[Information given]
=== Begin Enclosure ===

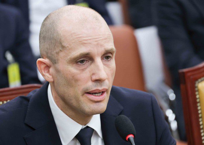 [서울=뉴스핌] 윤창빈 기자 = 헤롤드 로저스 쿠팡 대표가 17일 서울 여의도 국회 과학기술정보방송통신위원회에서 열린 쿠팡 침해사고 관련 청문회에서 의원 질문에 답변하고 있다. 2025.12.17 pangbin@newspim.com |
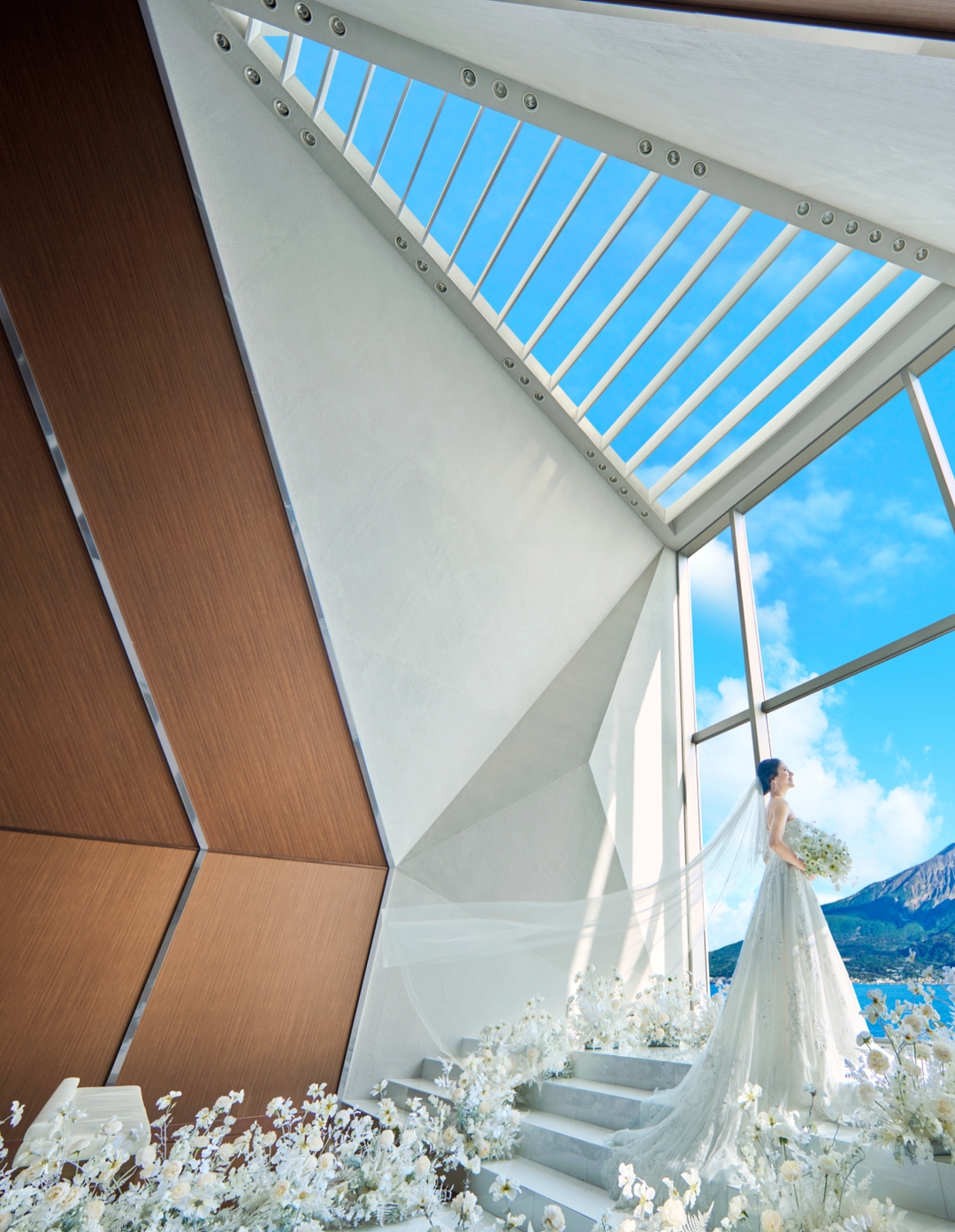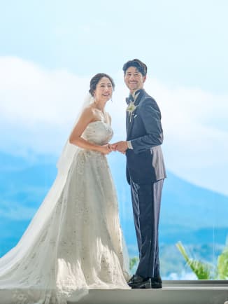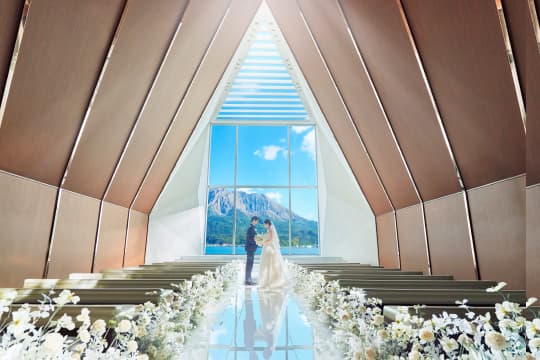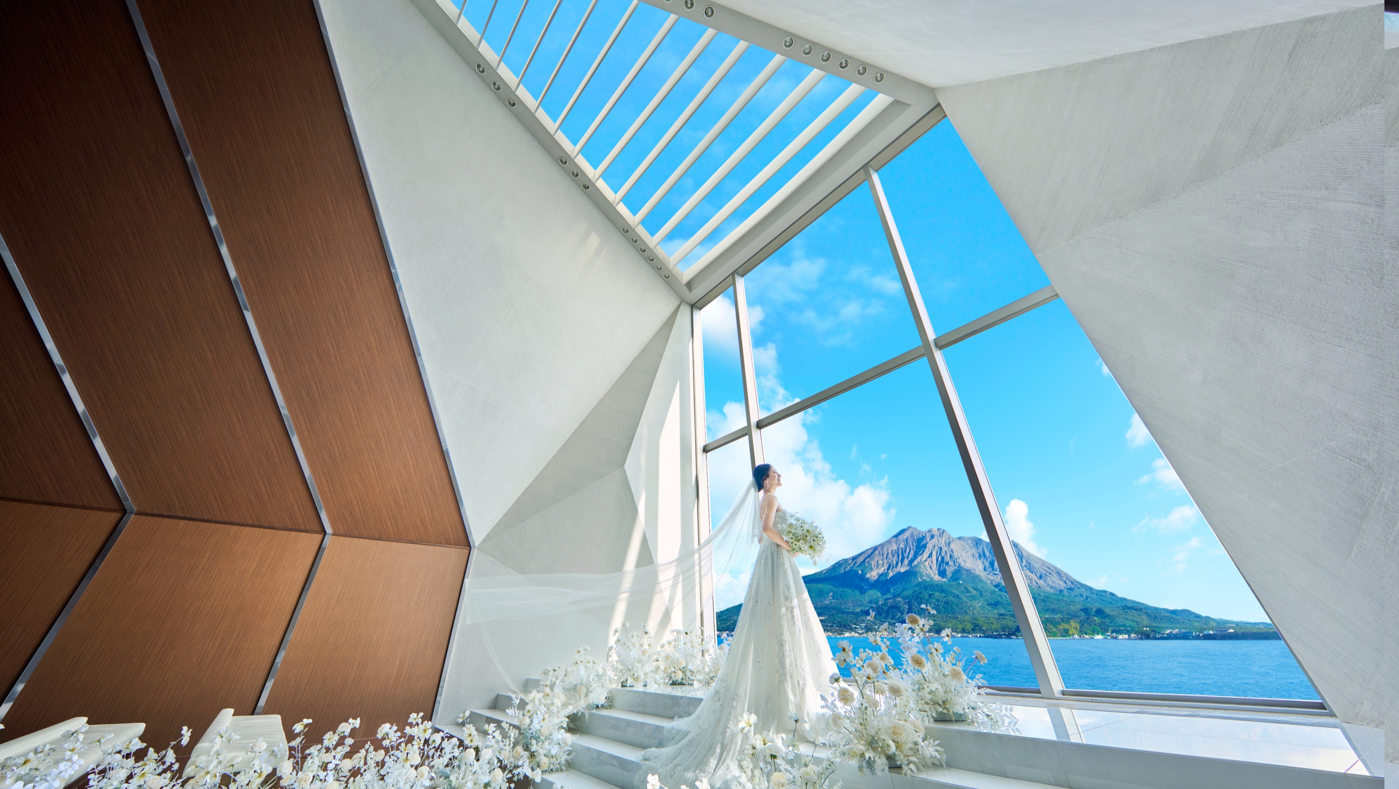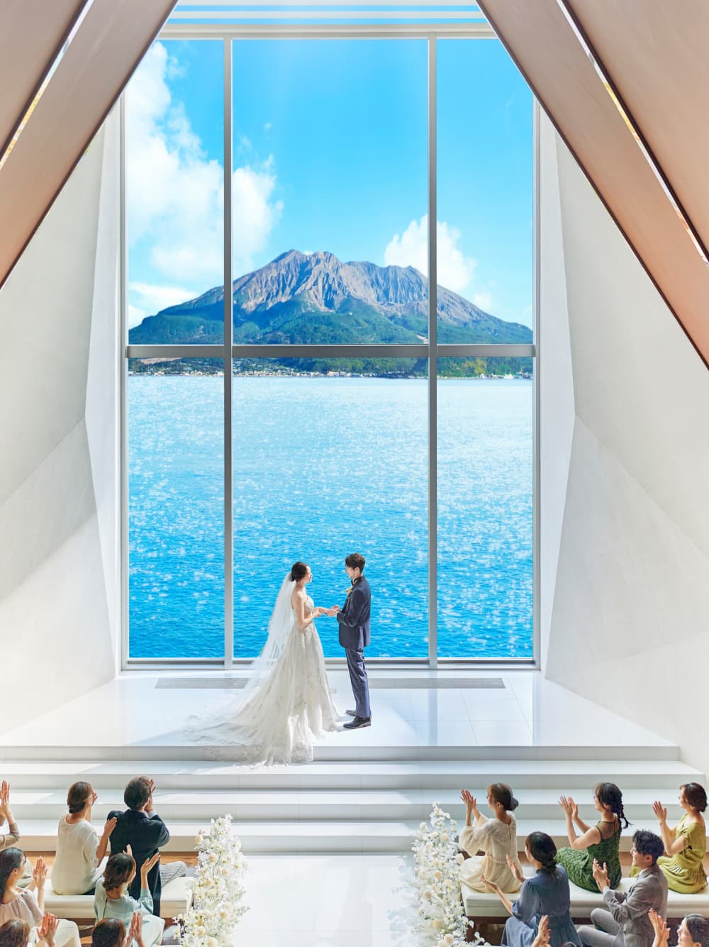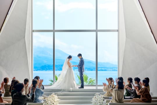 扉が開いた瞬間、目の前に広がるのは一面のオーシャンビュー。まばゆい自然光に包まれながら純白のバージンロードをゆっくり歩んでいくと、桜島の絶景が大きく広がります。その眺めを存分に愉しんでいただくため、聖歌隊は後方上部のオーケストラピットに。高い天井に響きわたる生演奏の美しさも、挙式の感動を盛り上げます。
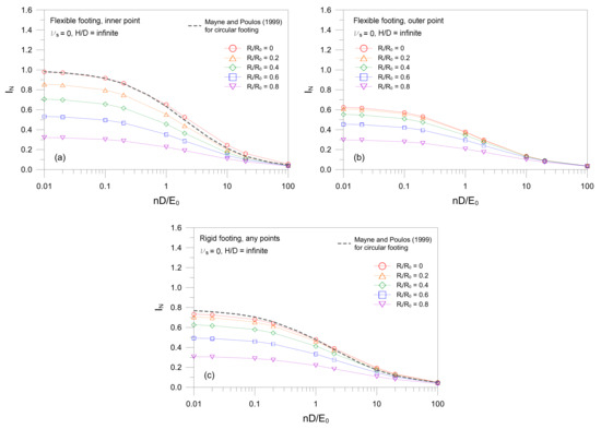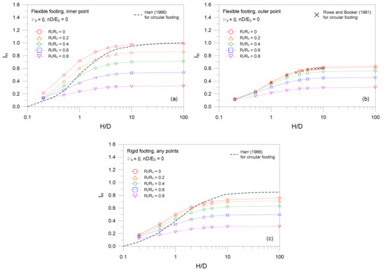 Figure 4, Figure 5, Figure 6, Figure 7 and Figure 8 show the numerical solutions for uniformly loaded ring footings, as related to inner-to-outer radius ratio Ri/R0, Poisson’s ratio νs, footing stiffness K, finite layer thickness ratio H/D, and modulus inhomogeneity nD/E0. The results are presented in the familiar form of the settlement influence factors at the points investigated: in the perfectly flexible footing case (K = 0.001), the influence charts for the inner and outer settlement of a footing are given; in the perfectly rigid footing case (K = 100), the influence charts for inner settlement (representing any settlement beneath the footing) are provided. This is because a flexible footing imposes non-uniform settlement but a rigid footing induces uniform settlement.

=== End Enclosure ===
=== Begin Enclosure ===

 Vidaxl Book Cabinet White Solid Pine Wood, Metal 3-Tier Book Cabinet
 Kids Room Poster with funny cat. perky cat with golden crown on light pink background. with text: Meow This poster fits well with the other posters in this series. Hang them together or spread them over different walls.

=== End Enclosure ===
=== Begin Enclosure ===

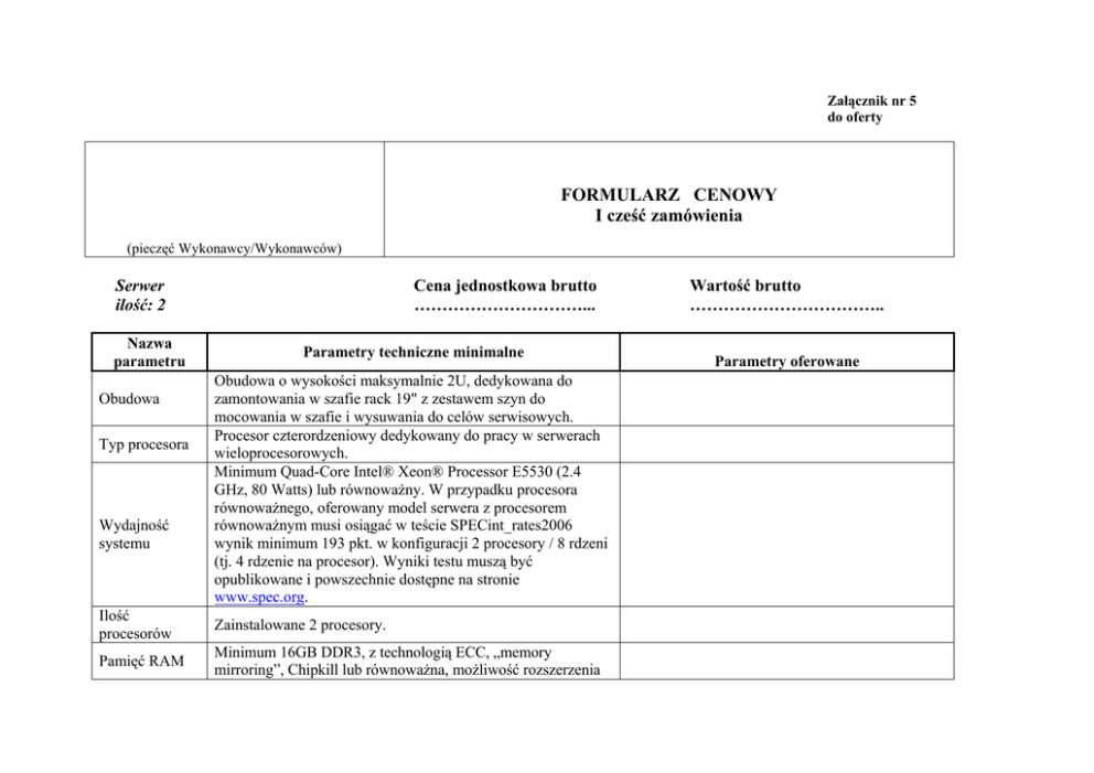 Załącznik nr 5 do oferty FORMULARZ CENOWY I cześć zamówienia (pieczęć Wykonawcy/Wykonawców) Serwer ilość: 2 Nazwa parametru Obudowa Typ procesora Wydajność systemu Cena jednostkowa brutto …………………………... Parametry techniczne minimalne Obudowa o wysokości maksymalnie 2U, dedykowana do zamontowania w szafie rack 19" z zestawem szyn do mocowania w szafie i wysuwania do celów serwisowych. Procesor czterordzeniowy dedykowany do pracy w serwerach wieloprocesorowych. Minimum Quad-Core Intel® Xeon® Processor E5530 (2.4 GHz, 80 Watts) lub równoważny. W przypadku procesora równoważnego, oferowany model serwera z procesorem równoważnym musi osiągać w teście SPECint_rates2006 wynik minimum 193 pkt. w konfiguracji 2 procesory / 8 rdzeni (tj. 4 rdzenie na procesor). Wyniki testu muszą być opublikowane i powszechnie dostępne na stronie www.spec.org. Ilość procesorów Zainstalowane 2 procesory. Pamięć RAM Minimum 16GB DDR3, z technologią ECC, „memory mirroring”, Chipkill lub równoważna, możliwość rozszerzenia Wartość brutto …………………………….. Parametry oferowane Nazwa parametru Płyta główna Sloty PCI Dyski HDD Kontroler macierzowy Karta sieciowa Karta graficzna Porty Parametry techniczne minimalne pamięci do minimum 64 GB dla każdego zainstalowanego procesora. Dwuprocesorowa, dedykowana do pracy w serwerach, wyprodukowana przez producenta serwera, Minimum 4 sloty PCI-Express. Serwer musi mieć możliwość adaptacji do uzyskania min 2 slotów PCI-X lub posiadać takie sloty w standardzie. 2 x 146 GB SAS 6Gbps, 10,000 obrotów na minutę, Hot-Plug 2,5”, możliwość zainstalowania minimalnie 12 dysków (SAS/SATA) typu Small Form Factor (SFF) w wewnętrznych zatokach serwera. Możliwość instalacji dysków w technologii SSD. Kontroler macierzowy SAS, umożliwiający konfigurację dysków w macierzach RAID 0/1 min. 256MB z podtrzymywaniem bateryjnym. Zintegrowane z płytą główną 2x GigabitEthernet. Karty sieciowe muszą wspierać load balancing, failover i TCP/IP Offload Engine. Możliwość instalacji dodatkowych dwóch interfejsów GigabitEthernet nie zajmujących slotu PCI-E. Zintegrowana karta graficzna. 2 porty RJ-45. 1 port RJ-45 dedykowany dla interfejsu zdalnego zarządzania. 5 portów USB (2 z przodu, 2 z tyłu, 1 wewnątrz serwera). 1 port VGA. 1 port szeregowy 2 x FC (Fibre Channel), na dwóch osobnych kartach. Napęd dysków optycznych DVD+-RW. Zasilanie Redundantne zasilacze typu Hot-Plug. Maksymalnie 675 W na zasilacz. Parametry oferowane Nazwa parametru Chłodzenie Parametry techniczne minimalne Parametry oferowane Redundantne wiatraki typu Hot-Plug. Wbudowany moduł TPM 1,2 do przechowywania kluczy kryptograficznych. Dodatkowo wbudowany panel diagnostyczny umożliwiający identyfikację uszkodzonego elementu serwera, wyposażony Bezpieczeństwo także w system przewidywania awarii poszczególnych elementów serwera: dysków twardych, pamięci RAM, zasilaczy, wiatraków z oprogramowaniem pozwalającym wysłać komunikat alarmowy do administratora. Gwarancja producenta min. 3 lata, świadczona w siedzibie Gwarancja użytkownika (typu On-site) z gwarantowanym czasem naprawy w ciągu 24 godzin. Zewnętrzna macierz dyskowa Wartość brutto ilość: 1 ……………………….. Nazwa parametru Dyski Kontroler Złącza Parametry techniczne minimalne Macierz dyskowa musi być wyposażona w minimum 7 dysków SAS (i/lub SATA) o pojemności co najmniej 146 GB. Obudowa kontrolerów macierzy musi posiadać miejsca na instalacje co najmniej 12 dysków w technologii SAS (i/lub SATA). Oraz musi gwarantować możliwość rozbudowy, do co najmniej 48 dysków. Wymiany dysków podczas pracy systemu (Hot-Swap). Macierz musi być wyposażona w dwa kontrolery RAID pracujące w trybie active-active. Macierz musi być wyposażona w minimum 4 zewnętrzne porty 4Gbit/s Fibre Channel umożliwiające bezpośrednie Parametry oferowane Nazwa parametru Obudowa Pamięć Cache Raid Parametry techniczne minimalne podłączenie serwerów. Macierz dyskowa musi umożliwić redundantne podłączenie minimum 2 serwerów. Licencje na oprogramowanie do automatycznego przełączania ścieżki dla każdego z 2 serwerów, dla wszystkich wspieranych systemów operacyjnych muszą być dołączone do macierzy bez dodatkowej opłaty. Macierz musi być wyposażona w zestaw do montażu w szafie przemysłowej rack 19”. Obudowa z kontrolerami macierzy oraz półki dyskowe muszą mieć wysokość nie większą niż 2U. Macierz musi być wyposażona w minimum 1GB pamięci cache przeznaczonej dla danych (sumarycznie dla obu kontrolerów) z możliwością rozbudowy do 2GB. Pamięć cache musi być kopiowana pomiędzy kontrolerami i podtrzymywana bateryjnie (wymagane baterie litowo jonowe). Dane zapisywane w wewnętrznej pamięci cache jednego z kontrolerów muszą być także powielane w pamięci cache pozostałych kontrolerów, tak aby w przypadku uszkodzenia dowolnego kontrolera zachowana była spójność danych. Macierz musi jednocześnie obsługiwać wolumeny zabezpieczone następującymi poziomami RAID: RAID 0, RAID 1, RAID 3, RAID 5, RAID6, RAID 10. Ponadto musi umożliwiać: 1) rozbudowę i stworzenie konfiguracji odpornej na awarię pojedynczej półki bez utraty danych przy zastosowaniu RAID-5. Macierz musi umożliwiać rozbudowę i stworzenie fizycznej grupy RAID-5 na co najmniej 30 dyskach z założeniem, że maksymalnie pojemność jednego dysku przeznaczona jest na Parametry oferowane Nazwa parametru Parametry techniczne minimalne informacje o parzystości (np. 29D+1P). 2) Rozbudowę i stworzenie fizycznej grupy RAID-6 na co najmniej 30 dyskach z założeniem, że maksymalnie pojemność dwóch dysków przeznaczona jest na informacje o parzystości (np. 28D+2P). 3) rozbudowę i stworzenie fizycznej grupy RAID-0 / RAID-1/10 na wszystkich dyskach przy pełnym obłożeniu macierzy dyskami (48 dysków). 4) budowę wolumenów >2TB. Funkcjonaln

=== End Enclosure ===

An exact copy is needed of the entries above, starting at the line that holds "[서울=뉴스핌] 윤창빈 기자" and stopping at the line that holds "Figure 4, Figure", both kept; pictures stay out.

[Response for this exercise]
 [서울=뉴스핌] 윤창빈 기자 = 헤롤드 로저스 쿠팡 대표가 17일 서울 여의도 국회 과학기술정보방송통신위원회에서 열린 쿠팡 침해사고 관련 청문회에서 의원 질문에 답변하고 있다. 2025.12.17 pangbin@newspim.com |
 扉が開いた瞬間、目の前に広がるのは一面のオーシャンビュー。まばゆい自然光に包まれながら純白のバージンロードをゆっくり歩んでいくと、桜島の絶景が大きく広がります。その眺めを存分に愉しんでいただくため、聖歌隊は後方上部のオーケストラピットに。高い天井に響きわたる生演奏の美しさも、挙式の感動を盛り上げます。
 Figure 4, Figure 5, Figure 6, Figure 7 and Figure 8 show the numerical solutions for uniformly loaded ring footings, as related to inner-to-outer radius ratio Ri/R0, Poisson’s ratio νs, footing stiffness K, finite layer thickness ratio H/D, and modulus inhomogeneity nD/E0. The results are presented in the familiar form of the settlement influence factors at the points investigated: in the perfectly flexible footing case (K = 0.001), the influence charts for the inner and outer settlement of a footing are given; in the perfectly rigid footing case (K = 100), the influence charts for inner settlement (representing any settlement beneath the footing) are provided. This is because a flexible footing imposes non-uniform settlement but a rigid footing induces uniform settlement.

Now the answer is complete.